Home » The ‘resimercial revolution’ prioritises employee wellbeing with a new kind of work space

The ‘resimercial revolution’ prioritises employee wellbeing with a new kind of work space

by Media Xpose

It’s been four years since the start of the work-from-home era, and while in-office work has returned for many – be it hybrid or full time – today’s employees are seeking work spaces more in line with the comforts of home.

It is this demand that birthed the ‘resimercial’ – residential/commercial – concept: think soft lighting, plants, art and decor, and new spatial-planning considerations to include relaxation zones, fully equipped kitchens, spaces to work out, and anything else that might make coming into the office worth the commute.

To adapt to this shift, and to attract and retain talent, many companies are increasingly developing or redeveloping offices with this residential sensibility in mind. ‘Many businesses are trying to understand how their space can better engage their hybrid workforce, and encourage productivity and company culture,’ says Adrian Davidson, Head of Design (Europe, the Middle East and Africa) for Tétris Furniture Solutions. ‘The good news is, there are forward-looking companies that are getting it right, offering valuable insights for creating office environments that employees are excited to use.’

Tétris Furniture Solutions, the furnishings arm of seasoned commercial design consultancy Tétris Design and Build, has played a significant role in partnering with both clients and suppliers to facilitate the evolution of existing spaces into more flexible offices that prioritise comfort and aesthetics. Soft furnishings – including art, curtains, rugs, cushions, linens and furniture coverings – contribute to this, and in the two and a half years since the inception of Tétris Furniture Solutions, the company has seen a marked increase in investment in this sector.

The statistics speak volumes – while office furniture remains a significant investment at 92% of the overall spend on a project, the notable increase in the soft-furnishings sector underscores a clear shift towards ‘resimercial’ design.
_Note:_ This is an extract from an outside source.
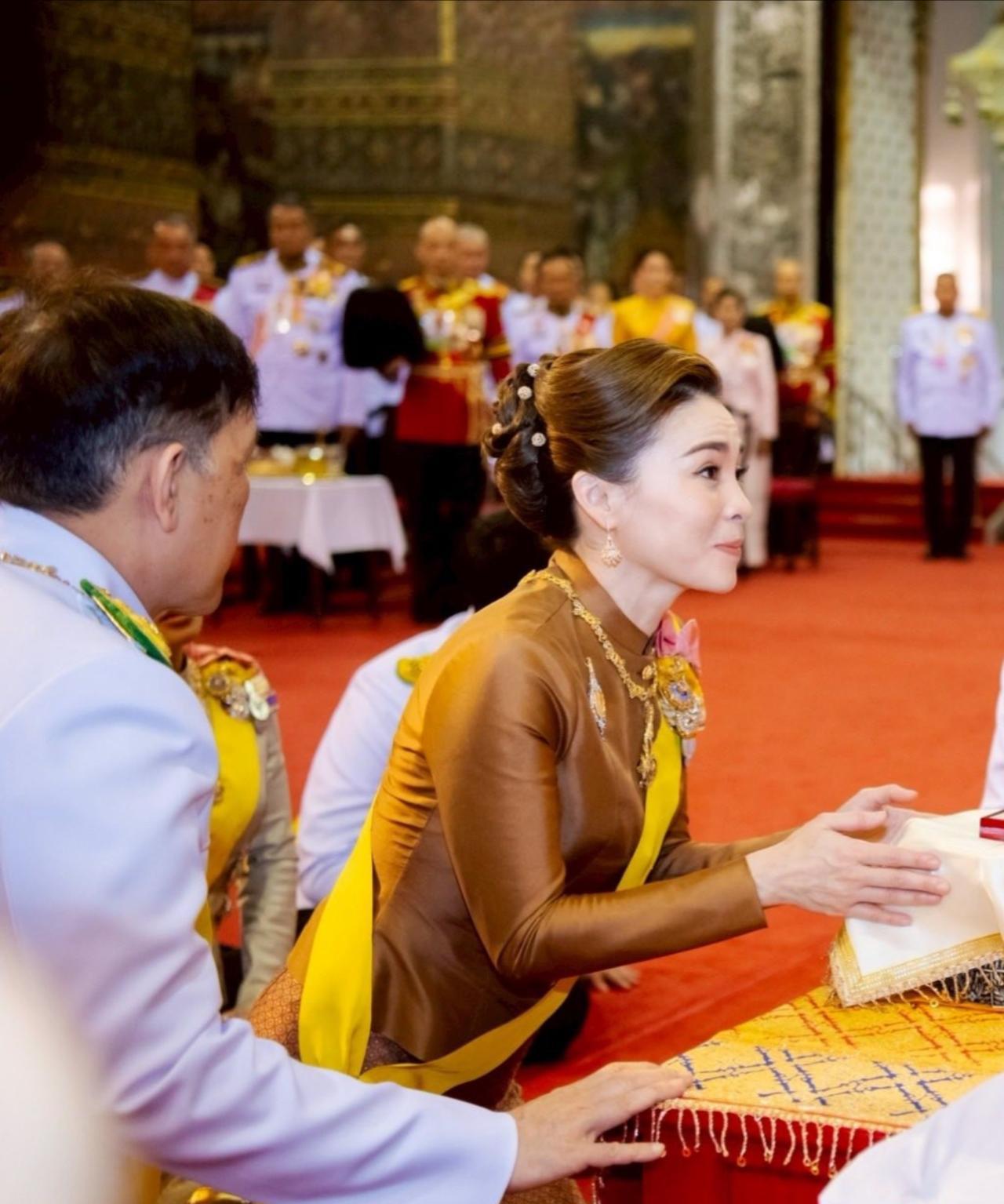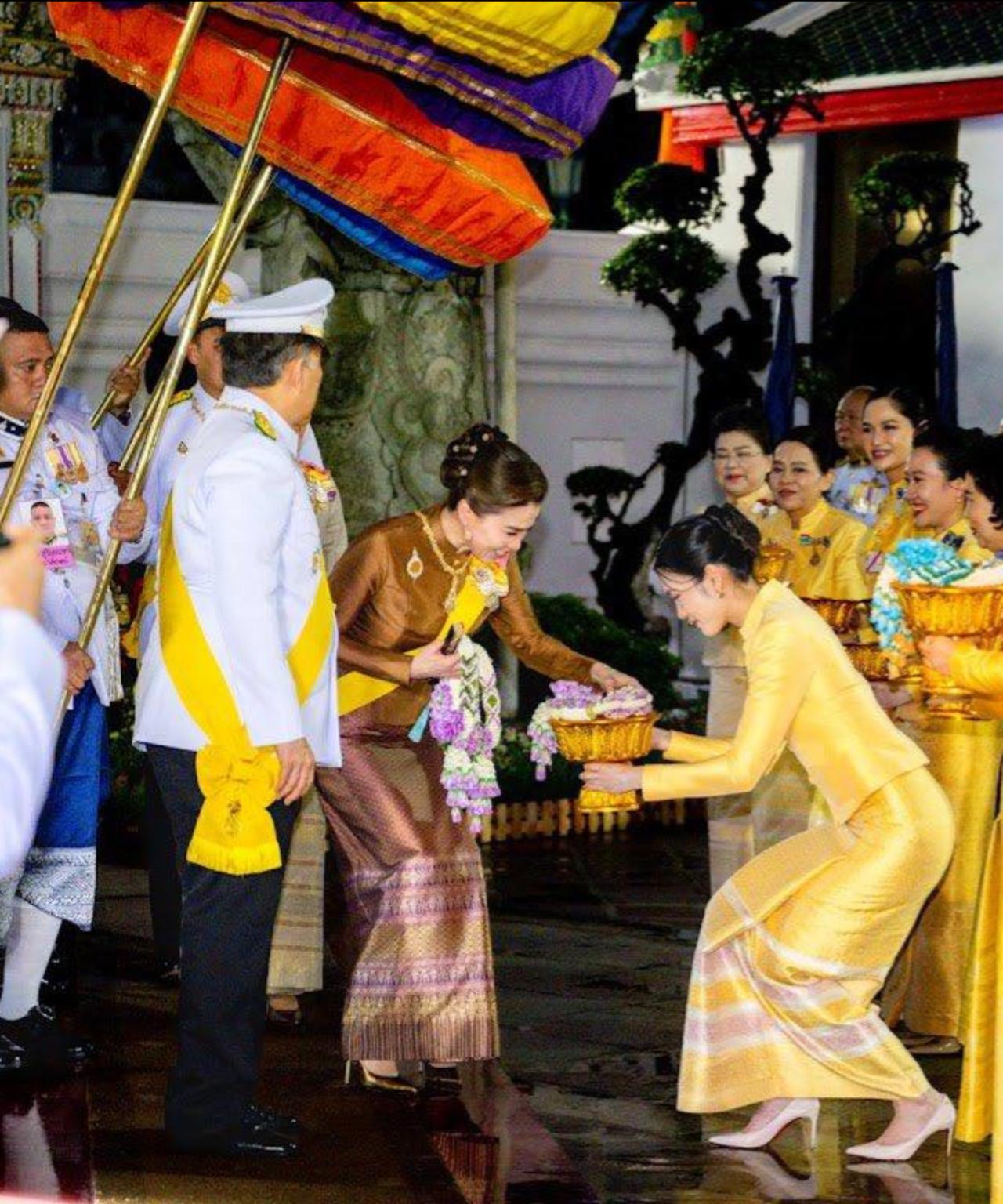 73岁泰王主动秀恩爱,深情款款看着苏提达 泰王堪称矛盾综合体,既携嫔妃团高调亮相,又主动与苏提达大秀恩爱,两条“主线”并行不悖。苏提达似早已习以为常,无心与妾室争宠。这般独特的婚姻模式,于现代社会而言,着实是闻所未闻、见所未见。

In South Africa alone, Tétris Furniture Solutions has made a substantial investment of just under R120 million in the local furniture sector, constituting a significant driver of the country’s creative economy. Says Steven Fish, Director of Furniture Solutions at the South African arm of Tétris, ‘It’s a privilege to contribute to our communities, and serve our clients, supply partners and each other. Tétris Furniture Solutions adds meaningful value for makers and users alike.’

However, the resimercial trend isn’t necessarily a given for all projects, and within individual resimercial projects, the ratio of conventional task pieces to soft furnishings differs. Nonetheless, the trend offers an opportunity for growth in creating positive experiences for people in the workplace.

‘Improving the human experience means thinking holistically about employee wellbeing, their performance, and the sustainability of the space,’ says Davidson. ‘Simple design choices like increasing natural light, providing window access, air-purification systems and ergonomic furniture contribute to a healthy environment that boosts performance.’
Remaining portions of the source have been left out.